Doxorubicin, as a chemotherapy drug, is commonly used for the treatment of various cancers. Nevertheless, the clinical use of doxorubicin may be restricted because of its adverse effects on the normal cells/tissues, especially cardiotoxicity. Researchers reported that the use of chemoprotective agents, such as resveratrol, can alleviate the doxorubicin-induced cardiotoxicity. This herbal agent exerts its chemoprotective effects through several main mechanisms of antioxidant, antiapoptosis, and anti-inflammatory. In addition to its chemoprotective effect, resveratrol can sensitize cancer cells to chemotherapy drugs (chemosensitizer effects) [133-136]. Despite its remarkable protective effects, unfavorable pharmacokinetics/pharmacodynamics profile of resveratrol such as poor bioavailability has restricted its applications [137, 138]. To solve this problem, some studies have introduced novel derivatives and analogues for this chemoprotective agent [139-147]. Additionally, it has been proposed that nanostrategies for delivery of resveratrol can overcome these limitations [20, 148–151].
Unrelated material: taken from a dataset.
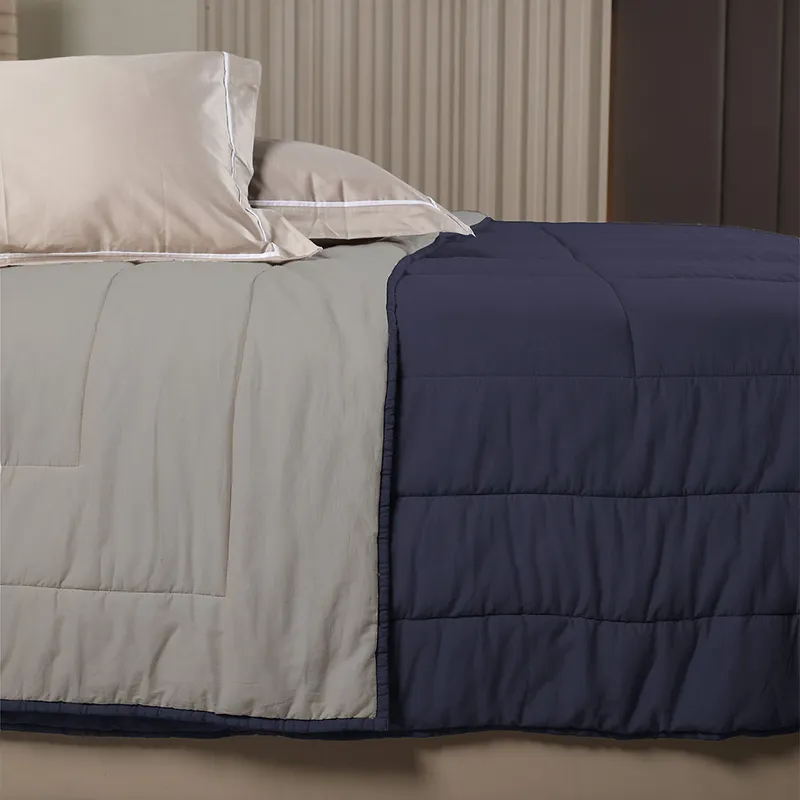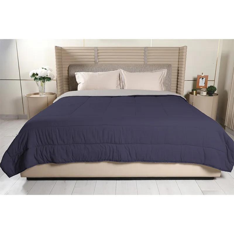 Experience ultimate comfort and style with the Lattice All Season Reversible Comforter. Made with 100% cotton, this versatile comforter showcases a stunning lattice pattern in two contrasting colors on each side, giving you the freedom to switch between two elegant looks. Its lightweight design and 150 GSM filling of micro-fiber offer the perfect balance of warmth and breathability, making it suitable for all seasons. With its soft and durable construction, this comforter is sure to provide you with a cozy and restful sleep experience. Elevate your bedding ensemble with the Lattice All Season Reversible Comforter today.

It should be mentioned that the data represented in the current systematic review are based on in vitro and in vivo models. Therefore, suggesting the use of resveratrol as a chemoprotector agent combined to doxorubicin in cancer patients requires further studies, because sometimes results are different between the in vitro and in vivo models and clinical studies.

6. Limitations

Some limitations should be addressed. Firstly, significant heterogeneity was encountered perhaps because of different regimens, doses, duration, center settings, populations enrolled, and so on, calling for cautious interpretation of the findings. Secondly, many of the studies suffer from significant sources of bias. Thirdly, the effect in many occasions was evaluated by very few studies; therefore, the evidence to support it is low.

7. Conclusion

The findings showed that doxorubicin chemotherapeutic agent can induce the biochemical and histological changes on the cardiac cells/tissue. However, using resveratrol alleviates the doxorubicin-induced adverse effects on the cardiac cells/tissue. Mechanically, resveratrol exerts its chemoprotective effects through several main mechanisms of antioxidant, antiapoptosis, and anti-inflammatory.